= 2024 World Jigsaw Puzzle Championship =

4th World Jigsaw Puzzle Championships

The 2024 World Jigsaw Puzzle Championship is the fourth edition of the World Jigsaw Puzzle Championships organized by the World Jigsaw Puzzle Federation (WJPF). It was held between 17 and 22 September in Valladolid, Spain.

== Events and rules ==
The Championship included three events: individual, pairs, and team. Each event had classifications rounds and a grand final.

===Individual event===

First round (6 groups): Each individual participant makes a jigsaw puzzles of 500 pieces in the maximum period of 90 minutes. The fastest participants from each country (up to 30 countries), with the remainder (up to 60) in order of classification move onto the semifinals.

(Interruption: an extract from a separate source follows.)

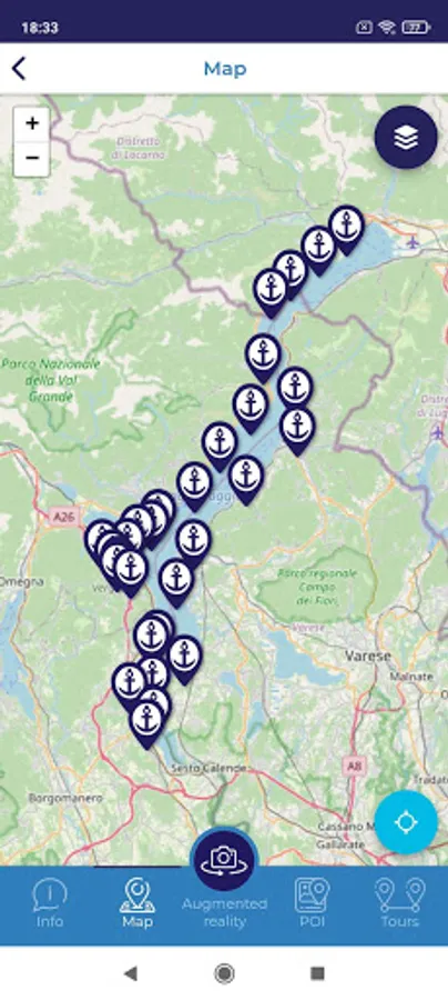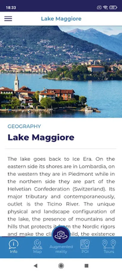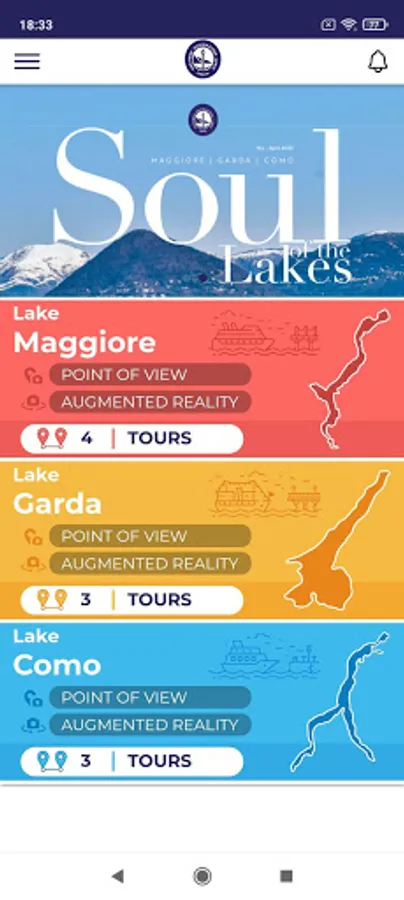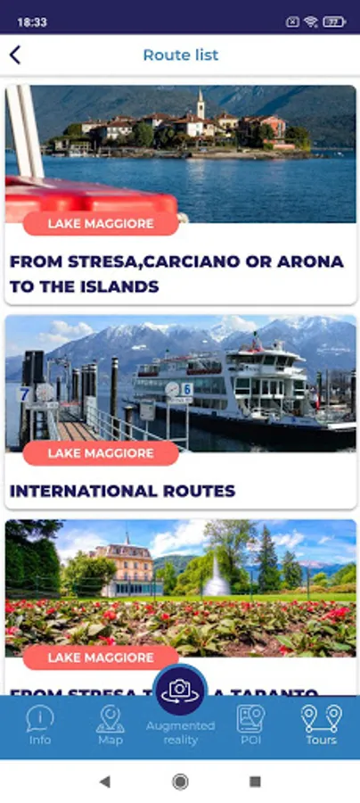 • Right below are three sections about the lakes Maggiore, Garda and Como set in three different colours: Points of Interest (POI), Augmented Reality and Routes;

Semifinals (2 groups): Each participant makes a jigsaw puzzles of 500 pieces in the maximum period of 90 minutes. The fastest participant from each country (if they complete the puzzle), with the remainder (up to 90) in order of classification move into the final.

Final (180 participants): Each participant makes a jigsaw puzzles of 500 pieces in the maximum period of 90 minutes and the fastest one to finish it is the world champion.

===Pairs event===

First Round (4 groups): Each pair makes a jigsaw puzzles of 500 pieces in the maximum period of 75 minutes. The fastest pairs from each country (up to 45 countries), with the remainder (up to 90) in order of classification move onto the semifinals.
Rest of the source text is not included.